PRESS RELEASE
CHRISTUS Shreveport-Bossier Health System has achieved the Louisiana Birth Ready Designation from the Louisiana Perinatal Quality Collaborative (LaPQC). The Birth Place at CHRISTUS Highland Medical Center is one of 11 facilities to receive the recognition this year.
A Louisiana Birth Ready Designation recognizes CHRISTUS Shreveport-Bossier Health system’s hard work and implementation of best practices through an evaluation process by the LaPQC. It also celebrates improved perinatal health outcomes, which are the result of implementing clinical practices that promote safe, equitable, and dignified birth for all birthing persons in Louisiana.
“It recognizes CHRISTUS Highland Medical Center’s commitment to providing high quality obstetrical care and a safe birth experience for patients in our community,” said Benny Popwell, M.D., Medical Director of Labor and Delivery, CHRISTUS Highland Medical Center.
Hospitals receiving Birth Ready Designation undergo a rigorous application and review process by the LaPQC. To achieve a Birth Ready Designation, CHRISTUS Shreveport-Bossier Health System had to meet five areas of requirement: participation in collaborative learning; health disparity and patient partnership; policies and procedures; structures and education; and outcome and process measures.
“This is such an exciting designation! We are proud to partner with the LaPQC and implement evidenced based research and practices to give the very best care for our mothers and babies,” said Becky Fish, Clinical Director of Labor and Delivery, CHRISTUS Highland Medical Center.
The work of the LaPQC, an initiative of the Department’s Bureau of Family Health, is dedicated to improving perinatal and neonatal outcomes across Louisiana.

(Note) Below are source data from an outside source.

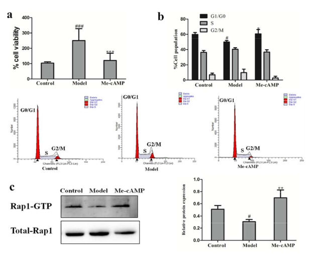 Cell proliferation was determined by MTT assay. b Cell cycle analysis of HSCs treated with acetaldehyde and Me-cAMP. c Rap1 activation (GTP-bound) was probed by western blot. # P < 0.05, ### P < 0. 001 vs. control group; * P<0.05, ** P < 0. 01, *** P < 0. 001 vs. model group.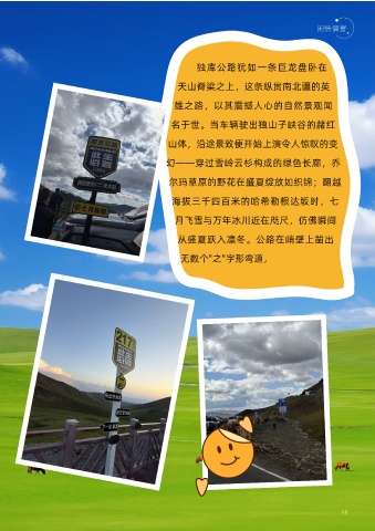 独库公路犹如一条巨龙盘卧在 天山脊梁之上,这条纵贯南北疆的英 雄之路,以其震撼人心的自然景观闻 名于世。当车辆驶出独山子峡谷的赭红 山体,沿途景致便开始上演令人惊叹的变 幻——穿过雪岭云杉构成的绿色长廊,乔 尔玛草原的野花在盛夏绽放如织锦;翻越 海拔三千四百米的哈希勒根达坂时,七 月飞雪与万年冰川近在咫尺,仿佛瞬间 从盛夏跃入凛冬。公路在峭壁上凿出 无数个"之"字形弯道, 68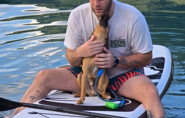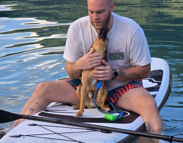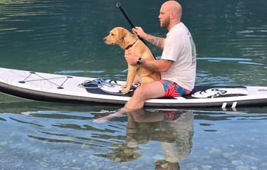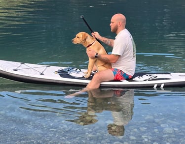 Una menzione speciale va ad Argo, il mio compagno a quattro zampe, che ancora una volta ha scelto di fidarsi di me ed è salito sul SUP per esplorare insieme, in mezzo al lago. Un momento di connessione pura. 🤍

Birth outcomes in Louisiana have historically been among the worst in the nation: Between 2011 and 2016, about half of all deaths that were associated with a recent birth were preventable. The LaPQC was created to promote the implementation of evidence-based practices to reduce significant factors that contribute to poor birth outcomes. The Collaborative also focuses on promoting health equity and reducing racial and ethnic disparities.
“On behalf of the LaPQC, I want to congratulate all of the birthing facilities who have earned Birth Ready or Birth Ready+ Designation,” said Dr. Veronica Gillispie-Bell, Medical Director of the LaPQC. “Our list of hospitals that have met the criteria has grown in a short time. This honor has even more significance when you think about the challenges hospitals are facing right now between staff shortages and the ever-changing landscape due to the COVID-19 pandemic. Achieving designation speaks to the resiliency of processes in our hospitals to improve birth outcomes.”
Many of the hospitals awarded designation have been working for years with the LaPQC, implementing evidence-based best practices that address common causes of maternal mortality and morbidity related to hemorrhage and hypertension, as well as practices that promote vaginal birth.
“For these patients, extending the healing ministry of Jesus Christ is part of a birth story that this dedicated team helps write. We have always been committed to providing the best care to our mothers and babies. We now have the designation to show for the hard work,” said Dr. Steen Trawick, Chief Executive Officer and Chief Medical Officer, CHRISTUS Shreveport-Bossier Health System.